Langkah ini langsung mendapat sorotan dari para ekonom. Salah satunya Chief Economist Trimegah Sekuritas Indonesia Fakhrul Fulvian. Ia menyebut jurus Purbaya sebagai misi reflasi. Sebuah strategi di mana pemerintah secara terkoordinasi menggenjot tingkat perekonomian dan aggregate demand (permintaan agregat) ke level yang seharusnya.

“Purbaya adalah ‘Menteri Reflasi’. Kebijakan meningkatkan likuiditas perbankan adalah langkah yang telat, tapi sangat diperlukan,” ujar Fakhrul dalam keterangan resminya, Jumat (12/9/2025).

Menurut Fakhrul, selama ini ada kesalahan fatal dalam pengelolaan kebijakan fiskal dan moneter. Pola lama yang terlalu terpaku pada dogma stabilitas ketimbang pertumbuhan, membuat ekonomi Indonesia jalan di tempat. Likuiditas kering, daya beli masyarakat melemah, dan mesin ekonomi tidak berputar.

“Beberapa tahun terakhir, ekonomi tumbuh, tapi tidak berputar. Ini menyebabkan banyak masyarakat yang tidak menikmati pertumbuhan ekonomi,” kritiknya.

Belanja Tepat Sasaran, Kunci Keberhasilan

Mencairkan dana saja tidak cukup. Fakhrul menekankan bahwa pemerintah harus segera merealisasikan dan meningkatkan kualitas belanjanya. Ia menyoroti program-program yang bisa memberikan hasil cepat (quick win), seperti MBG (Masyarakat Berdaya Guna) dan Koperasi Merah Putih, serta pembangunan rumah.

Selain itu, agar stimulus ini benar-benar tepat sasaran, Fakhrul berpendapat pemerintah harus meningkatkan insentif untuk rekrutmen pegawai baru, terutama di sektor padat karya.

“Pemerintah bisa memberikan bantuan kepada tenaga kerja lewat bantuan kepada perusahaan dengan membayar sebagian gaji dari pegawai baru. Ini diperlukan karena pengusaha saat ini juga sedang dalam fase bertahan,” jelasnya.

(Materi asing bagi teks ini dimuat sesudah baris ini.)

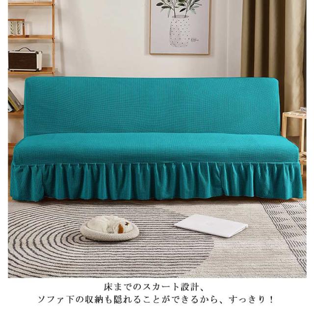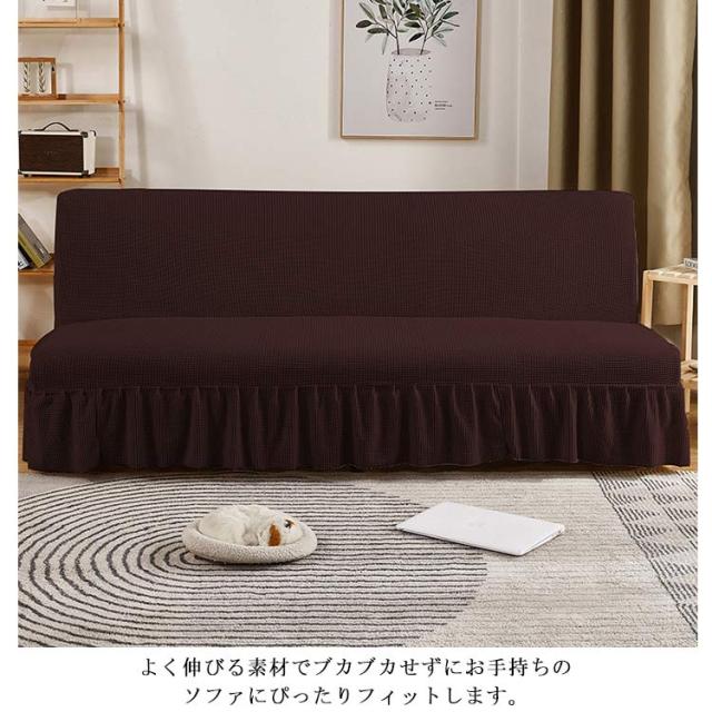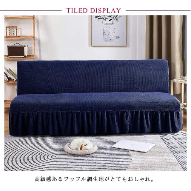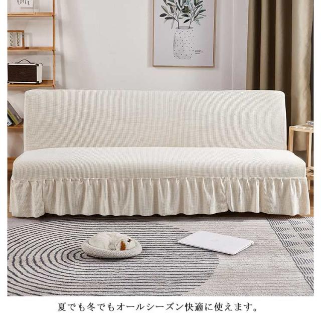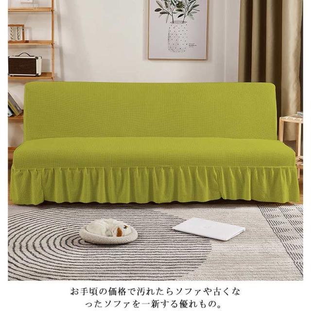 ソファーベッドカバー スカート付き ソファーカバー 3人掛け 2人掛け 肘なし 無地 伸縮 ソファ 替えカバー 洗える 北欧 ワッフル 模様替え おしゃれ ふんわり柔らい
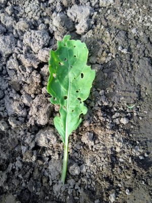 Question: What does Horton Road do to control flea beetle? Answer: Horton chooses to focuses on maintaining a high level of soil health and the best field germination possible. Flea beetles tend to be less prevalent in high density plantings compared sparse or stressed stands.

Belajar dari Sejarah, Jalan Menuju Kesuksesan

Fakhrul percaya, strategi reflasi ini bukan barang baru. Ia mencontohkan Amerika Serikat (AS) yang berhasil melaksanakannya di tahun 1930-an saat mengalami kemerosotan ekonomi. Jepang juga sukses dengan Abenomics, kebijakan serupa yang sukses menggenjot kembali perekonomian mereka.

“Jepang lewat Abenomics juga sukses melaksanakan reflasi. Ini dibutuhkan karena masalahnya ada di sisi permintaan ekonomi, bukan penawaran,” ujar Fakhrul.

Agar program ini sukses, komunikasi intensif antara Kementerian Keuangan, Bank Indonesia, dan seluruh elemen pemerintah mutlak diperlukan. Reflasi hanya bisa berhasil dengan dorongan bersama. Ketika daya beli masyarakat membaik, pendapatan pajak dan stabilitas keuangan pun akan mengikuti.

“Saat ini, reflasi adalah kunci. Ketika rakyat merasakan perbaikan daya beli, pendapatan pajak, perekonomian dan kestabilan keuangan bisa dicapai,” tutup Fakhrul, optimistis.